Motivée par la croissance constante de ses profits économiques, l’industrie du tabac a réussi à exploiter les faiblesses des Etats Africains pour asseoir une forme de collaboration visant à légitimer ses activités sur le continent. Le premier indice d’ingérence réalisé en 2021 dans 14 pays d’Afrique a fait l’objet d’une conférence virtuelle internationale initiée par l’Alliance pour le contrôle du Tabac en Afrique et ses partenaires ce 27 octobre. Celle-ci dépeint par endroits des succès contre cette infiltration et en général un constat alarmant sur ses impacts.
Alors que l’industrie du tabac fait plus de 8 millions de morts tous les ans dans le monde et principalement dans les pays à revenu faible ou intermédiaire (PFI), elle réussit à influencer l’élaboration des politiques de santé publique et le développement économique de nombreux pays d’Afrique. Pourtant, la directive relative à l’article 5.3 de la Convention cadre de l’Organisation mondiale de la Santé pour la lutte antitabac (Cclat-Oms), a explicitement averti tous les pays du monde qu’« il y a conflit fondamentale et inconciliable entre les intérêts de l’industrie du tabac et ceux de la santé publique. »
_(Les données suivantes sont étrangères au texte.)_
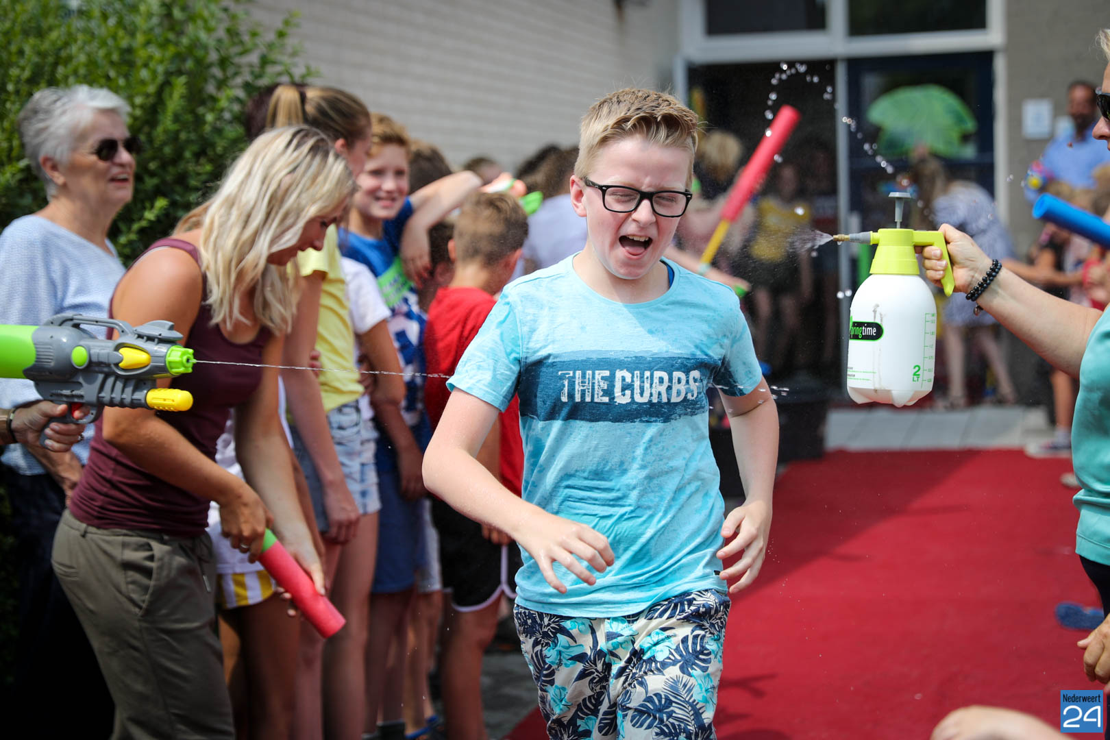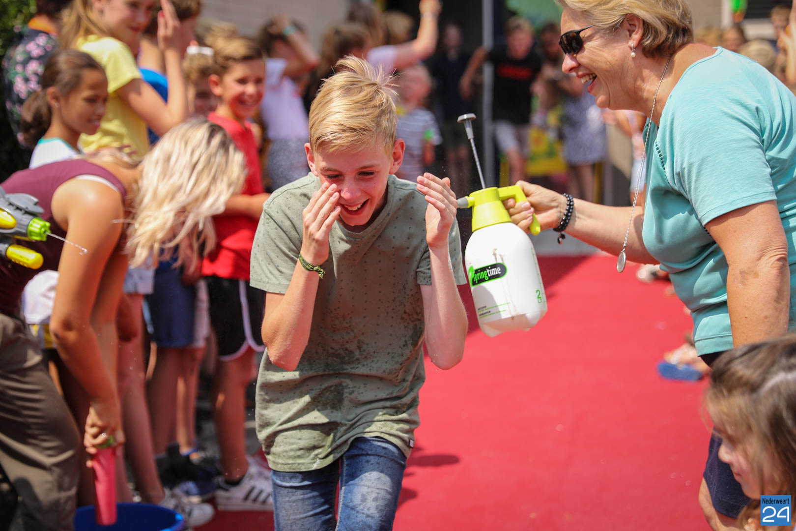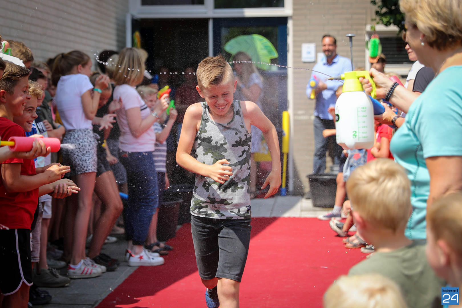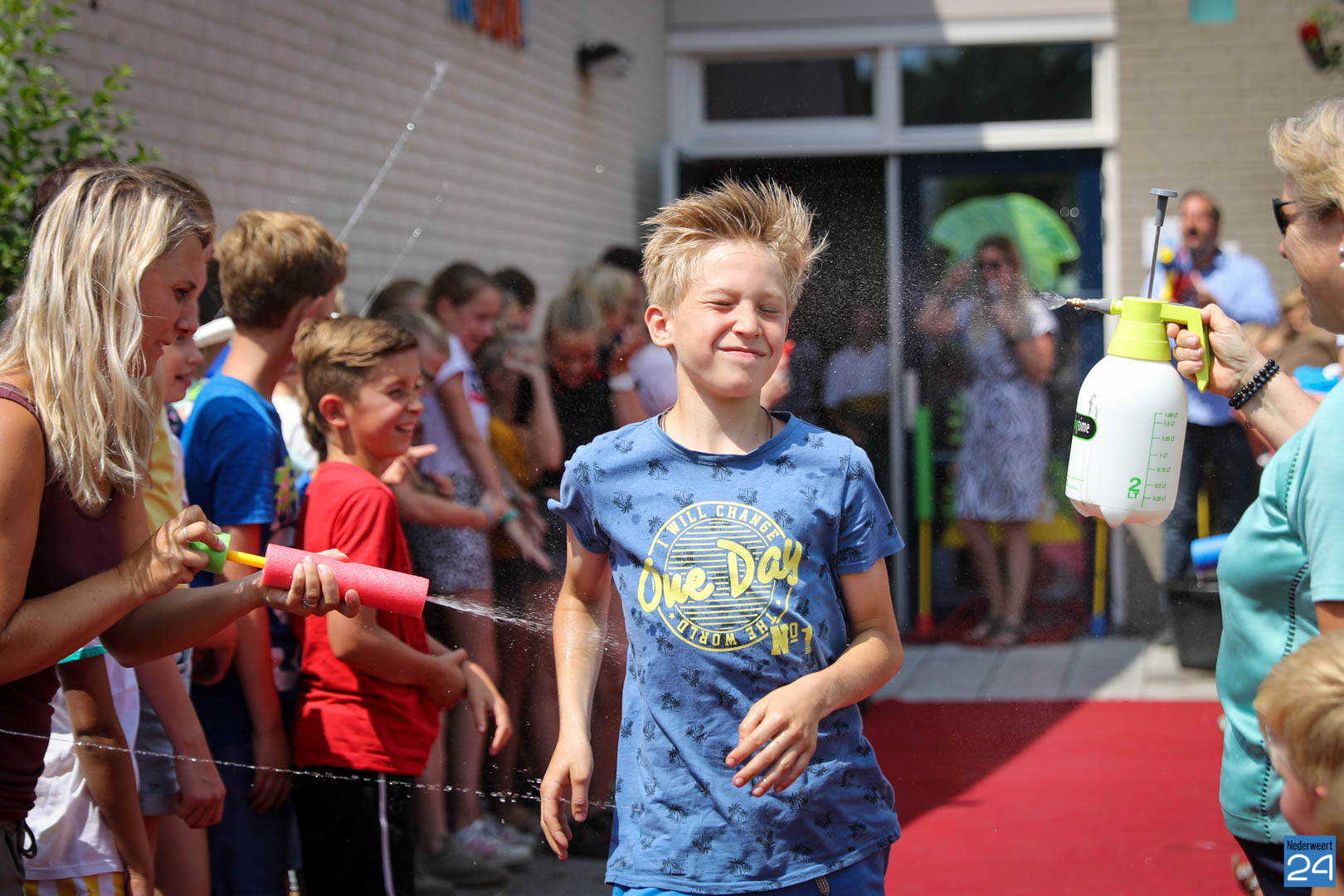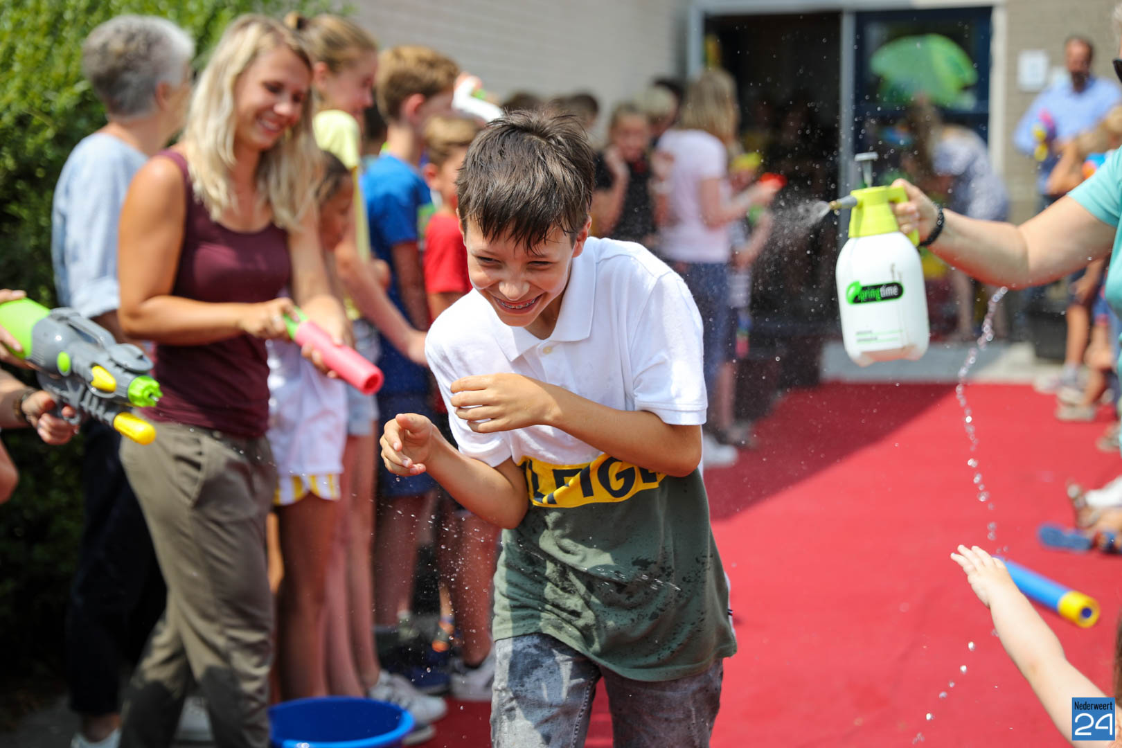 Alle leerlingen en leerkrachten stonden samen met ouders, grootouders, oud leerlingen en andere belangstellenden buiten om de schoolverlaters letterlijk naar buiten te spuiten. De leerlingen van groep 8 liepen tussen de menigte door en werden natgespoten met water. Een fantastische happening. De vakantie kan beginnen.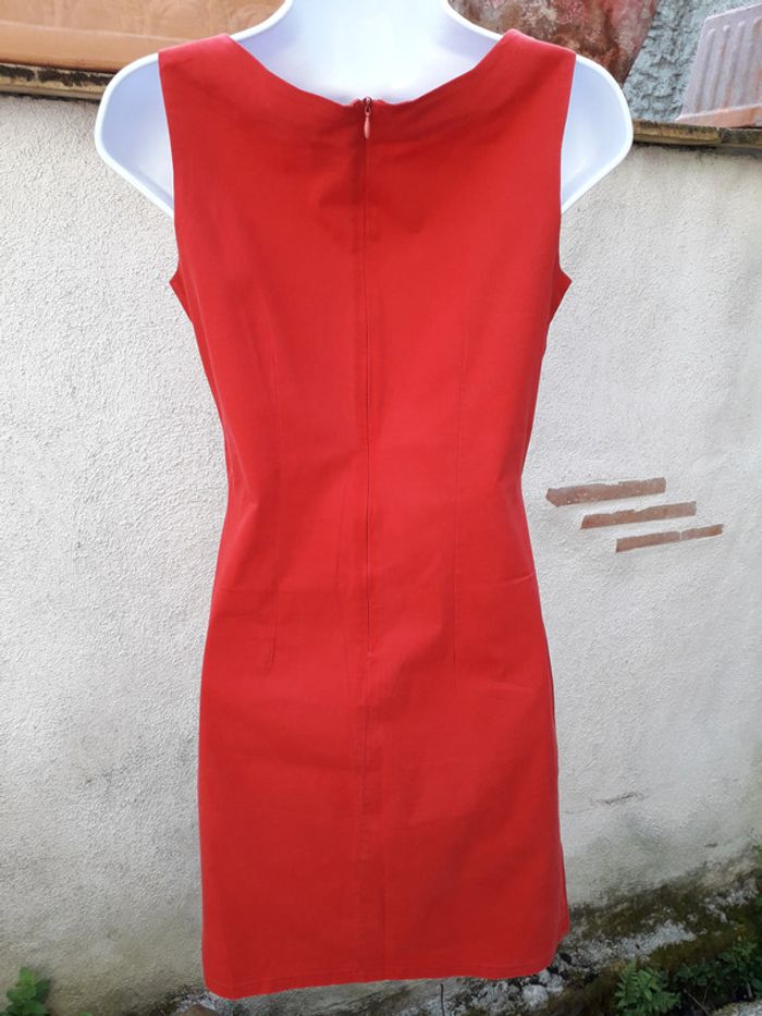 Robe rouge cintrée et droit 95% coton - 5% élasthanne Fermeture éclair à l'arrière Longueur du haut de l'épaule au bas de la robe de 85,5 cm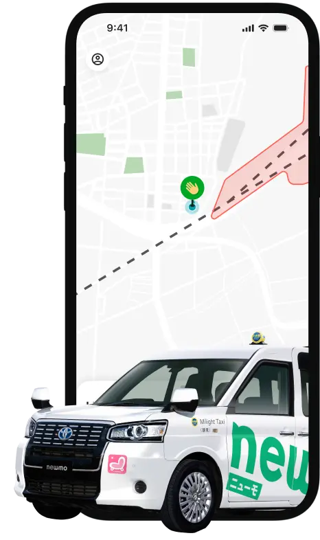 「newmo(ニューモ)」は、スマホ一つで近くにいるタクシーを手軽に呼べる、

Formulant son point de vue au lancement de l’indice d’ingérence de l’industrie du tabac en Afrique, Dr Adriana Blanco Marquizo du Secrétariat de la Cclat, a indiqué que l’industrie du tabac et ses alliés n’ont jamais relâché leurs efforts en vue de contourner les politiques visant à protéger la santé publique. Elle déplace son attention des pays développés dont les politiques règlementaires sont plus strictes vers les PFI dont le cadre réglementaire est plus faible, exploitant le manque de ressources des pays Africains, aggravé par la pandémie du Covid-19. En conséquence, ces pays sont du reste des pays qui enregistrent des avancées louables dans le cadre de la lutte anti-tabac dans le monde.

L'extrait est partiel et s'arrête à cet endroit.